Xiaomis neuer Roboterarm nimmt euch den wohl nervigsten Handgriff nach dem Parken ab
Mit einem neuen autonomen Laderoboterarm zeigt Xiaomi, wie die Zukunft auf dem heimischen Stellplatz aussehen könnte. Die Konstruktion fährt automatisch aus einer kompakten Basisstation heraus und manövriert den Ladestecker völlig selbstständig in die Ladebuchse eures E-Autos. Ein absolut bequemes Feature für alle, die nach der Arbeit keinen Finger mehr rühren wollen, doch stellt sich hier unweigerlich die Frage: Lösen wir hier gerade ein Problem, das eigentlich gar keines ist?
Inhalt
Ein Roboterarm übernimmt den Ladevorgang
Im Kern handelt es sich bei Xiaomis neuem Setup um einen weißen Kasten, der fest in eurer Garage installiert wird. Kommt ihr mit dem Fahrzeug nach Hause, fährt daraus der besagte Laderoboterarm hervor.
Dieser navigiert den Ladestecker durch visuelle Erkennung automatisch in die Ladebuchse des Autos, ohne dass man selbst noch Hand anlegen oder schwere Kabel ziehen muss.
Ist der Ladevorgang beendet, zieht das System den Stecker ebenso eigenständig wieder heraus. So kann man am nächsten Morgen direkt einsteigen und losdüsen. Den aktuellen Status des Akkus hat man dabei ganz bequem über die entsprechende Smartphone-App im Blick. Eine ziemlich smarte Sache, die dem Nutzer im Alltag minimal etwas Arbeit abnimmt.
Reiner Luxus oder essenzielle Technologie?
Für den durchschnittlichen Fahrer ist das vermutlich nur ein wenig mehr Bequemlichkeit. Man spart sich halt den kurzen Weg zum Kabel und das manuelle Einstecken. Schauen wir uns aber mal andere Szenarien an, wird die Idee durchaus spannender und vielleicht sogar essenziell. Da wäre zum einen das große Thema autonomes Fahren. Wenn sich das Auto in Zukunft völlig selbstständig parkt und gar keinen Fahrer mehr an Bord hat, braucht es zwingend eine Möglichkeit, neue Energie zu tanken. Wobei man sich für solche automatisierten Flotten sicherlich auch noch etwas anderes ausdenken könnte.
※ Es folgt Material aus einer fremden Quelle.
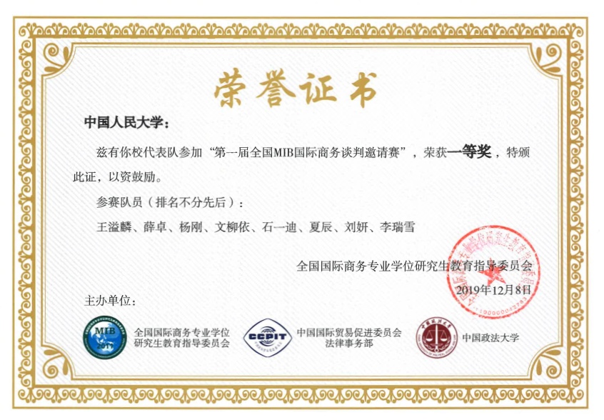2019年12月7日至8日,首届全国MIB 国际商务谈判邀请赛在中国政法大学举行我院2019级国际商务传统方向的杨刚(队长)、王溢麟(主谈)、卓、文柳依、石一迪、夏辰、刘妍、李瑞雪组成的代表队在指导老师彭丽红、徐晓云的带领下,参加了预赛和决赛。经过激烈的角逐,我院代表队获得了这次大赛团队一等奖,在个人获奖中,王溢麟、薛卓荣获最佳谈判手和优秀谈判手,彭丽红、徐晓云老师荣获最佳指导老师奖。
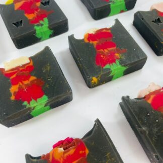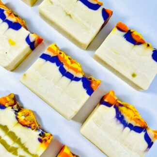 Ingredientes: Aceite de Coco, Aceite de Oliva, Aceite de Ricino, Aceite Esencial de Tea Tree, Agua Destilada, Lejía (después de la saponificación, la lejía no está presente en la barra terminada), Micas como colorantes naturales seguros para la piel.

Ein weiterer Aspekt sind hingegen Menschen mit motorischer Einschränkung. Wer Probleme damit hat, mit dem Ladekabel zu hantieren, für den könnte solch ein System ein echter Gamechanger sein und massiv zur Barrierefreiheit beitragen.
Keine völlig neue Erfindung
Man muss aber auch sagen, dass diese Idee nicht gänzlich neu ist. Es gibt bereits zahlreiche Projekte von alteingesessenen Automobilherstellern, die in eine ganz ähnliche Richtung gehen. Auch einzelne unabhängige Unternehmen scheinen intensiv an solchen automatisierten Lösungen zu tüfteln. Xiaomi erfindet das Rad hier also nicht neu.
Zwischen Must-have und Spielerei
Für die breite Masse ist der Laderoboter sicherlich kein absolutes Must-have, sondern eher ein luxuriöses Gimmick für die eigene Einfahrt. Immerhin braucht es dafür auch einen eigenen Stellplatz, wo man den Roboter installieren kann. Zudem nimmt die Automatisierung des Ladevorgangs einen Handgriff ab, den man eigentlich auch mal eben selbst erledigen kann. Die wahren Stärken liegen eher im Bereich des autonomen Fahrens und bei der Unterstützung für körperlich eingeschränkte Personen. Da macht das System durchaus Sinn und ist mehr als nur eine Spielerei. Bisher gibt es keine Infos, ob der Roboterarm auch wirklich verkauft wird oder es sich hier um ein Konzept handelt. Wäre so ein vollautomatischer Helfer etwas für eure Garage oder automatisiert man hier einfach etwas, was eigentlich nicht sein muss?